これほど重要な会議を欠席して、習近平は何をしていたのでしょうか。習は14日に呉邦国の火葬式に参加し、15日には福建省東山県を訪れ、視察を行いました。東山島は台湾と海を隔てて向かい合っており、1953年にはここで国共(国民党と共産党)間の戦闘が行われました。前日には、中国軍東部戦区は台湾を囲む形で軍事演習を大々的に行ったばかりでした。しかし、党メディアは習近平の訪問について台湾には一切触れず、彼が訪れたのは文化や歴史に関連する観光地や施設だったと報じました。

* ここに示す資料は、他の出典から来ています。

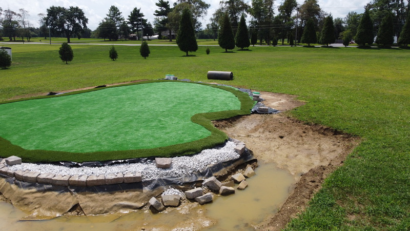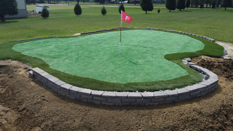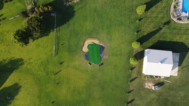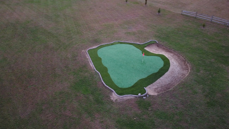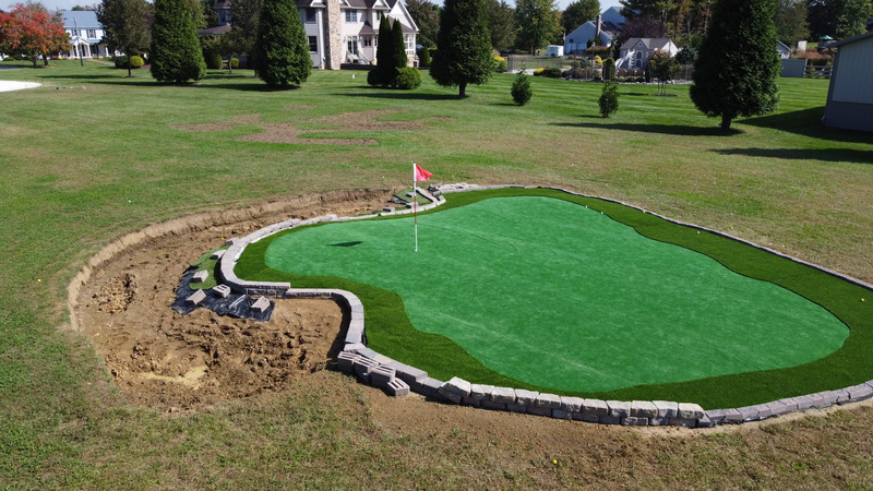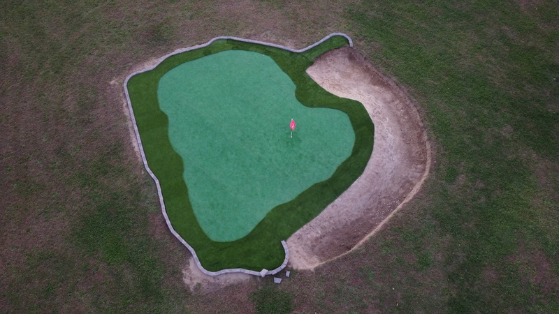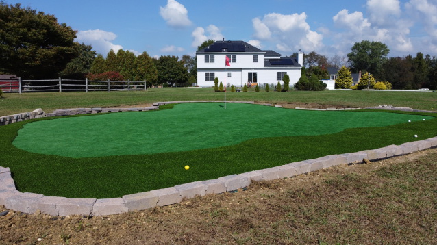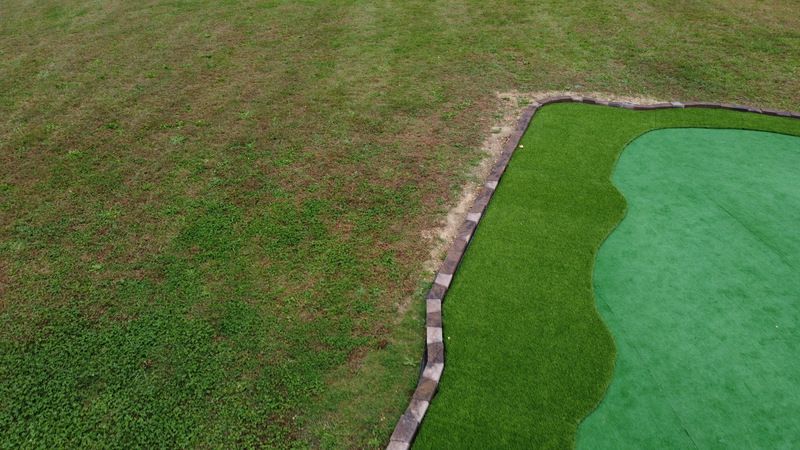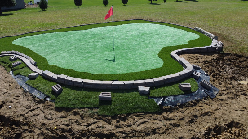 Size: First thing to consider, Artificial grass is expensive. I found that the minimum size of a par 3 green is 60 x 60 =3600 sq ft. For a chip and putt it was 30 x 30 = 900 sq ft. The price for artificial grass for the green was $.60 sq ft. up to $4. I went with the lowest price. I could always upgrade in the future. To make a chip and putt size (900 sq ft x .60) would be $540 just for the grass, not including any rough around the green, or material for underneath.

米国在住の時事評論家、唐靖遠氏は、習近平が東山島を視察したのは台湾に対して強硬な信号を発信するためではなく、むしろその信号を弱めるものであると分析しています。

米国在住の時事評論家 唐靖遠氏
「習近平が東山島を視察した際、台湾や統一、戦争、あるいは軍事に関連する話題には一切触れませんでした。実際、福建省内には軍事基地もあり、もし習近平が強硬なメッセージを発信したいのであれば、その軍事基地を視察するはずでしたが、彼は訪れませんでした。代わりに、東山島での視察は文化や歴史の伝承、民生経済といったテーマに終始しました。したがって、厳密に言えば、これは台湾に対して発信されたメッセージが、むしろ弱まったシグナルであると言えます」

さらに、張又侠の全軍会議での発言も、これまでとは異なっていました。過去の軍事会議では、張又侠はほぼ常に習近平の「強軍思想」や「軍委主席責任制の徹底」を強調していました。しかし今回は、彼は習近平のいわゆる「重要な指示」を学び、徹底することに言及するにとどまり、「強軍思想」や「軍委主席責任制の徹底」については触れませんでした。

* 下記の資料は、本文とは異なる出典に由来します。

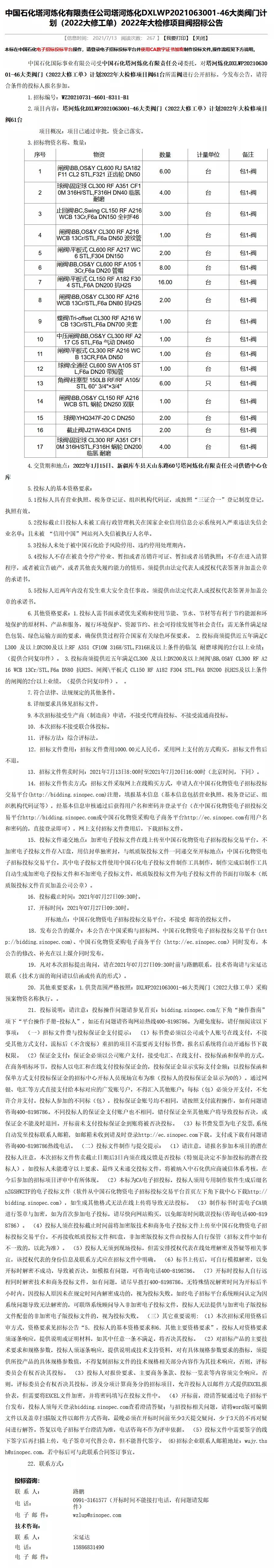 中國石化塔河煉化46大類閥門計劃(2022大修工單)項目閥招標公告

第3回中央委員会以降、習近平が中共の元老たちに抑制され、権力が弱体化し、軍権が張又侠の手に渡ったという噂が広がっています。

もう一つの兆候として、習近平が15日に米中関係全国委員会の2024年度授賞式に祝賀メッセージを送った際、米国と「パートナーや友人として付き合いたい」と述べたことが挙げられます。これは、これまでの対米強硬な口調とは異なるものです。

唐靖遠氏
「このシグナルは、最近の習近平が権力の明確な弱体化と大きな制約を受けている状況と一致しています。こうした背景の下で、もし習近平の権力が制限されているとすれば、中国の上層部は米中関係やロシア・ウクライナ戦争、台湾海峡問題において、大きな変化が生じる可能性が高いと考えられます。これが、習近平が突然米国に対して友好的な姿勢を示し、引き続き友人でありたいと発言した理由であり、同時にロシアの国防相の訪問を避けた理由でもあります」

ロシアの国防大臣アンドレイ・ベロウソフ(Andrey Belousov)が中国を訪問し、15日に張又侠と会談しました。

唐靖遠氏
「習近平は軍委主席であり、プーチンと事実上の同盟を結んでいる立場にありながら、ロシアの国防相と会見せず、代わりに福建へ行って経済視察を行いました。この現象自体が、中共がロシアに対する政策において変化し始めていることを示しています」

台湾海峡問題で強硬なシグナルを弱め、米国に対して友好姿勢を示し、さらにロシアの国防相を避けたことについて、唐靖遠氏は、これら三つの関係が転換しつつあり、習近平の権力が制限され始めている兆候だと見ています。

また、張又侠は最近、重要な軍法会議を主催しただけでなく、ロシアの国防相と会談し、さらに米国の国家安全保障顧問サリバン氏とも会談しました。これは、米国の国家安全保障顧問が中共軍委副主席と会見するのは8年ぶりのことです。

習近平が北戴河会議で元老から叱責を受けたと報じたNikkei Asiaの論説委員、中沢克二氏は9月に記事を発表し、張又侠がサリバン氏との会談で珍しく満面の笑みを見せたことに驚きを示しました。これは、中共の軍事外交や国内政治の状況における大きな変化を暗示していると分析しています。